Qu’est-ce qui peut pousser un homme à vouloir autant repousser ses limites? Il y a un petit côté fascinant à imaginer la douleur, le dévouement, l’épuisement et l’exaltation qui accompagnent le coureur sur une épreuve de 250 kilomètres ou, encore plus fou, de 500 kilomètres. Pour le docteur Bégin, tout cela revêt un petit côté ésotérique puisqu’il s’agit d’une communion avec soi-même. Un moment où l’athlète doit puiser dans tous ses moyens et voyager au fond de son âme pour aller y puiser de l’énergie.

« Il y a de grandes périodes de solitude. C’est enivrant, dans le monde agité d’aujourd’hui, d’être capable de faire ce genre de course pour se déconnecter du reste du monde. Il n’y a pas de téléphones ou de tablettes électroniques. Tu es seul pendant des heures et des heures en raison de l’étalement des compétiteurs. Tu en profites pour réfléchir et visiter le fond de qui tu es. On sort de ces courses grandi et transformé à tout jamais. C’est une grande source de motivation. Presque une drogue. C’est pour ça que je me suis inscrit à ces courses », affirme-t-il.

Jean-François BéginLe docteur Bégin a confiance en sa bonne forme physique. Il est conscient que sa préparation physique doit être optimale. Après une courte pause pour se reposer de sa traversée de l'Atacama, il a repris l'entraînement à raison de trois ou quatre longues sorties par semaine. Depuis novembre dernier, il a ainsi parcouru près de 2 000 kilomètres. Plusieurs de ces kilomètres furent en montagne et dans des pistes forestières, au mont Sainte-Anne et au mont Bélair, pour retrouver les conditions qu'il risquait de rencontrer lors de la course qu'il effectue présentement. Il a également parcouru de longues distances sur la grève du fleuve Saint-Laurent, à marée basse, pour simuler les surfaces qui seront présentes lors des cinq courses des deux prochaines années. Enfin, il a profité de vacances au Mexique et en Californie pour s'acclimater aux températures chaudes.

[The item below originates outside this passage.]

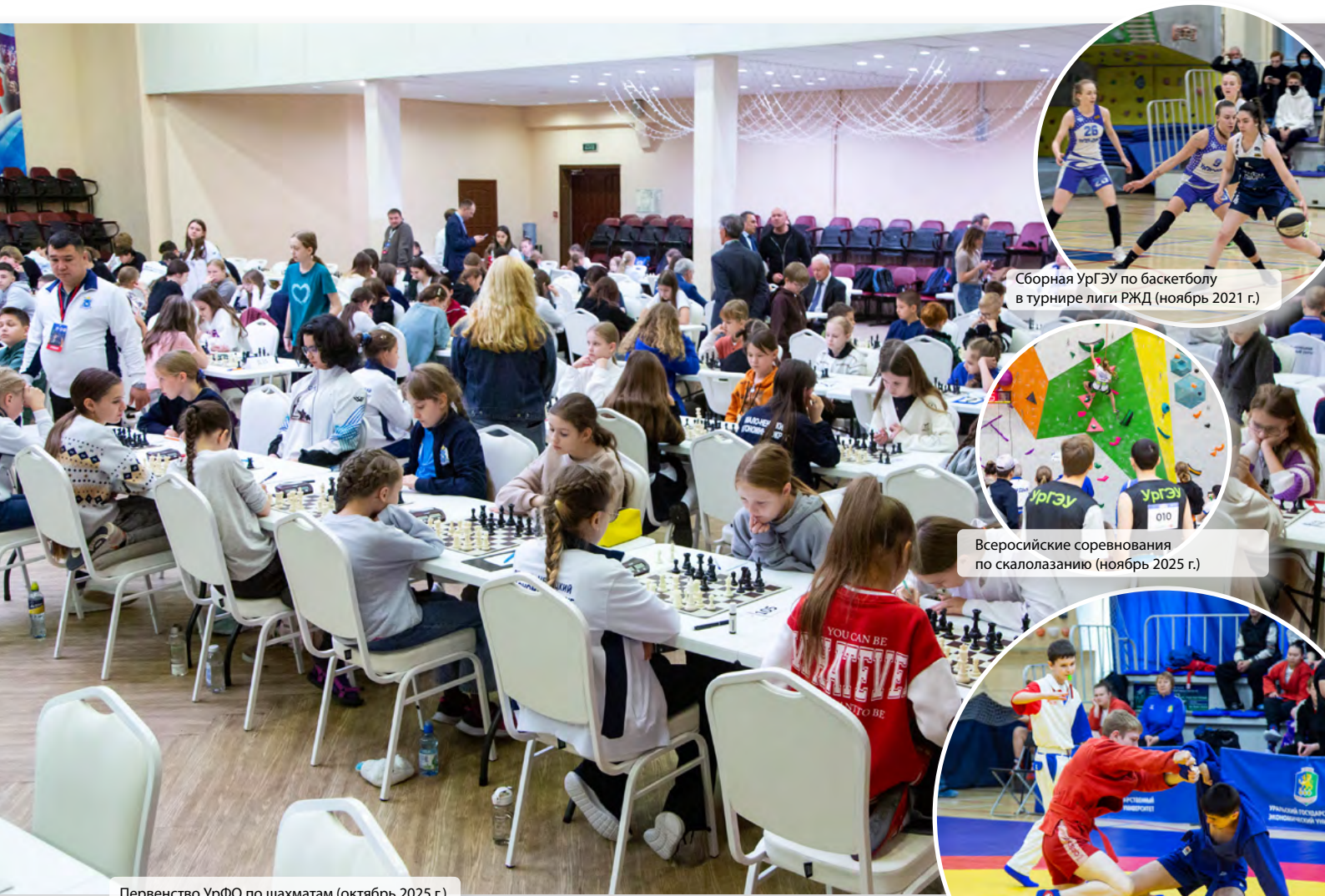
Сборная УрГЭУ по баскетболу в турнире лиги РЖД (ноябрь 2021 г.)
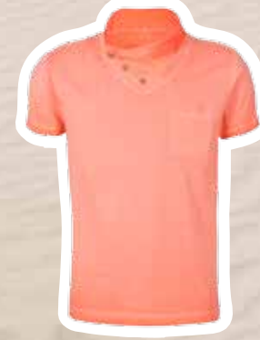
T-shirt € 17,95 (Shoebly).

Le coureur de longue distance n'est pas seul en Arizona. Sa conjointe l'accompagne pour cette première traversée. Elle en profitera pour agir comme bénévole. Un collègue anesthésiste ayant eu la piqûre pour ce genre de course sera également du voyage pour l'encourager. Pour les autres courses cependant, personne ne s’est encore manifesté. Il se croise les doigts. « On ne sait jamais. Ça peut changer puisque je suis au tout début de ce défi s’échelonnant sur deux années. Peut-être que quelqu’un se greffera à moi pour participer à une ou deux courses. Ce serait bien », conclut-il.

Jean-François Bégin sera peut-être seul à courir, mais plusieurs personnes le suivront et l'encourageront à distance. Il est porteur d'espoir. Il existe actuellement une page Opération Désert 5 sur Facebook où il publie quotidiennement un court texte relatant les événements de sa journée.

De savoir que des gens pensent à lui et accordent de l'importance à ce qu'il fait sera certainement une grande motivation. Mais encore mieux. De savoir que des gens seront généreux pour l'aider à atteindre son objectif sera une grande source de fierté. Il aura alors compris que chacun de ses pas en valait la peine.